> **Your instructions**: Apart from the pictures, write out the records that follow exactly.

> **Dataset entries**:
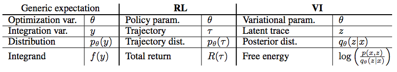 现在的深度强化学习中很多的模型是,强化学习中部分研究成果深度学习化的结果. 但最令人兴奋的是,一些新的想法,例如强化变分推断,在Theophane Weber 等人的论文中,就将 VI 和 RL 进行了联系. 参见下图的对比:
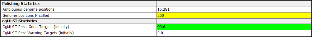OverviewThe proprietary ONT-cgMLST-Polisher is part of the SeqSphere+ version 10.5 ONT Data Assembly module. First, it maps the with Dorado SUP basecalled FASTQ reads (>= m4.2 model) to the from Medaka derived assembly consensus FASTA sequence by using minimap2. Next, it scans the alignment for positions in the core and accessory genome MLST genes that might be indicative for methylation related sequencing errors, e.g., differing strand-specific majority consensus calls. Those ‘ambiguous’ positions are then compared against a sequence with a closely related cgMLST allelic profile. Finally, based on the comparison the consensus sequence of ambiguous positions is either confirmed or masked with a ‘N’ call. Thereby, core genome genes that contain a ‘N’ are regarded as missing targets as they fail the quality control that allows by default for no ambiguous bases. When the ONT-cgMLST-Polisher is used with Dorado SUP m4.2 or m4.3 data, samples with a significantly increased number of called ‘Ns’ are highlighted in yellow to indicate that they may have unreliable results. Data basecalled with Dorado SUP m5.0 or greater are not highlighted.
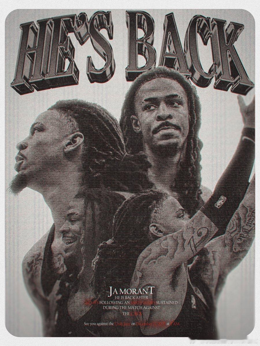 下场比赛,莫兰特暂不能出战,可能要到打开拓者了。
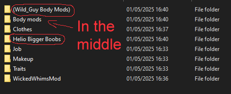 Make sure that in your mod folder, Wild Guy Body Mods are above Body Mods and Body Mods are above Helio Bigger Boobs.
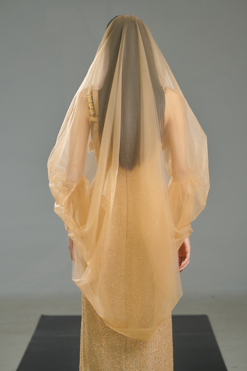 • Special Features: 3D flowers, Attached stones along the center, Front slir, Sheer shawl with bishop sleeves

> **Written answer**:
 现在的深度强化学习中很多的模型是,强化学习中部分研究成果深度学习化的结果. 但最令人兴奋的是,一些新的想法,例如强化变分推断,在Theophane Weber 等人的论文中,就将 VI 和 RL 进行了联系. 参见下图的对比:
OverviewThe proprietary ONT-cgMLST-Polisher is part of the SeqSphere+ version 10.5 ONT Data Assembly module. First, it maps the with Dorado SUP basecalled FASTQ reads (>= m4.2 model) to the from Medaka derived assembly consensus FASTA sequence by using minimap2. Next, it scans the alignment for positions in the core and accessory genome MLST genes that might be indicative for methylation related sequencing errors, e.g., differing strand-specific majority consensus calls. Those ‘ambiguous’ positions are then compared against a sequence with a closely related cgMLST allelic profile. Finally, based on the comparison the consensus sequence of ambiguous positions is either confirmed or masked with a ‘N’ call. Thereby, core genome genes that contain a ‘N’ are regarded as missing targets as they fail the quality control that allows by default for no ambiguous bases. When the ONT-cgMLST-Polisher is used with Dorado SUP m4.2 or m4.3 data, samples with a significantly increased number of called ‘Ns’ are highlighted in yellow to indicate that they may have unreliable results. Data basecalled with Dorado SUP m5.0 or greater are not highlighted.
 下场比赛,莫兰特暂不能出战,可能要到打开拓者了。
 Make sure that in your mod folder, Wild Guy Body Mods are above Body Mods and Body Mods are above Helio Bigger Boobs.
 • Special Features: 3D flowers, Attached stones along the center, Front slir, Sheer shawl with bishop sleeves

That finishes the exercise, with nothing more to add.